Pinnacle West Capital Corporation (NYSE: PNW) today reported consolidated on-going earnings of $12.1 million, or $0.11 per diluted share of common stock, for the quarter ended December 31, 2011. This result compares with on-going earnings of $5.2 million, or $0.05 per share, in the same 2010 period. The Company's net income attributable to common shareholders for the 2011 fourth quarter was $12.6 million, or $0.11 per diluted share, compared with net income of $7.4 million, or $0.07 per share, for the same quarter a year ago.

For full-year 2011, Pinnacle West reported consolidated on-going earnings of $328.1 million, or $2.99 per share, as compared to $324.7 million, or $3.03 per share, a year ago. Consolidated net income attributable to common shareholders for 2011 was $339.5 million, or $3.09 per diluted share, compared with 2010 net income of $350.1 million, or $3.27 per diluted share.

On-going earnings exclude results of discontinued operations primarily related to the Company's real estate activities and former energy services business. A reconciliation of reported earnings to on-going earnings is provided at the end of this release.

"Disciplined cost management, concentration on our core electricity business and superior operational performance by our dedicated employees - particularly in the areas of customer service, reliability and safety - produced sound financial results," said Pinnacle West Chairman, President and Chief Executive Officer Don Brandt.
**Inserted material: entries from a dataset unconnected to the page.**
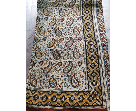 This Kalamkari Print Heavy Saree Is Crafted With 100% Pure Cotton Base Heavy Sari Pallu & Border Features Multi Color Kalamkari Work With Floral & Paisley Design.
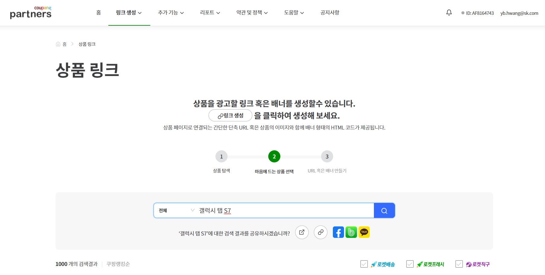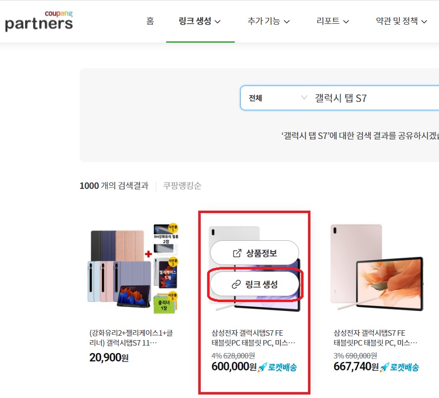 - 쿠팡 파트너스 사이트 접속하고, '링크 생성 - 상품 링크' 선택한다.
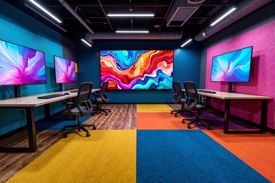 State-of-the-art corporate meeting room featuring multiple large digital screens displaying colorful abstract visuals, modern furniture, and vibrant carpet for presentations or collaboration
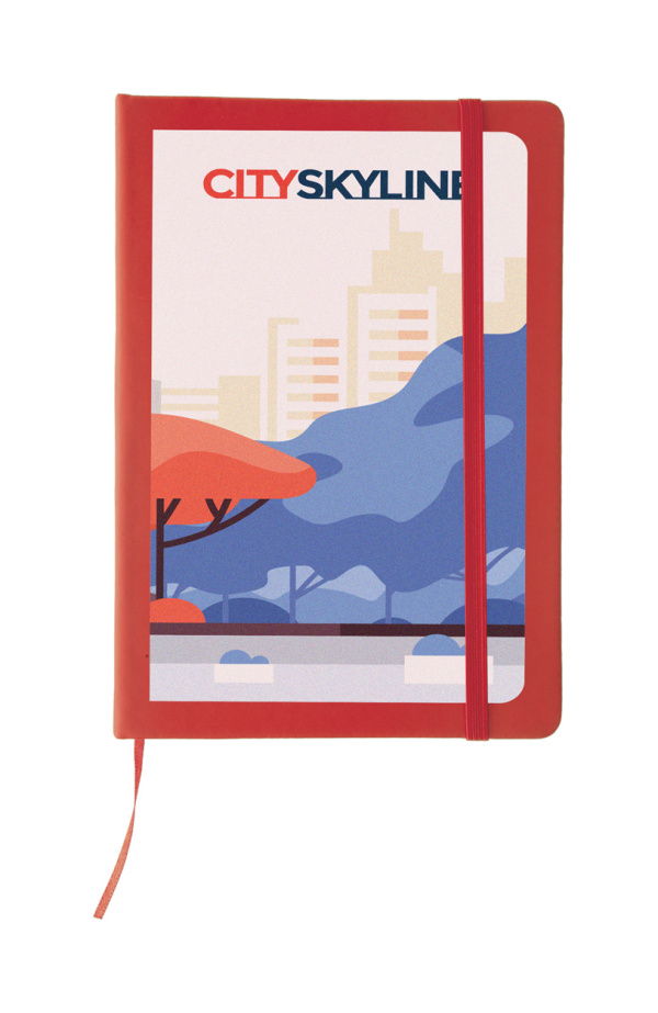 Poznámkový blok so 100 listami, záložkou a gumičkou.

Brandt added that the Company's 2011 results exceeded its earnings guidance. The Company had projected that on-going earnings would be near the top of its guidance range of $2.75 to $2.90 per share. The actual results were due, in part, to lower than expected operating and maintenance costs, and cooler than normal weather that increased retail sales in the fourth quarter by a similar amount as the year-ago period.

"We achieved a significant milestone with the proposed settlement of APS's pending retail rate case," said Brandt. "The agreement has broad support and contains provisions important to customers, shareholders and other stakeholders." The settlement is pending approval by the Arizona Corporation Commission. APS and the other parties have requested the agreement take effect July 1, 2012.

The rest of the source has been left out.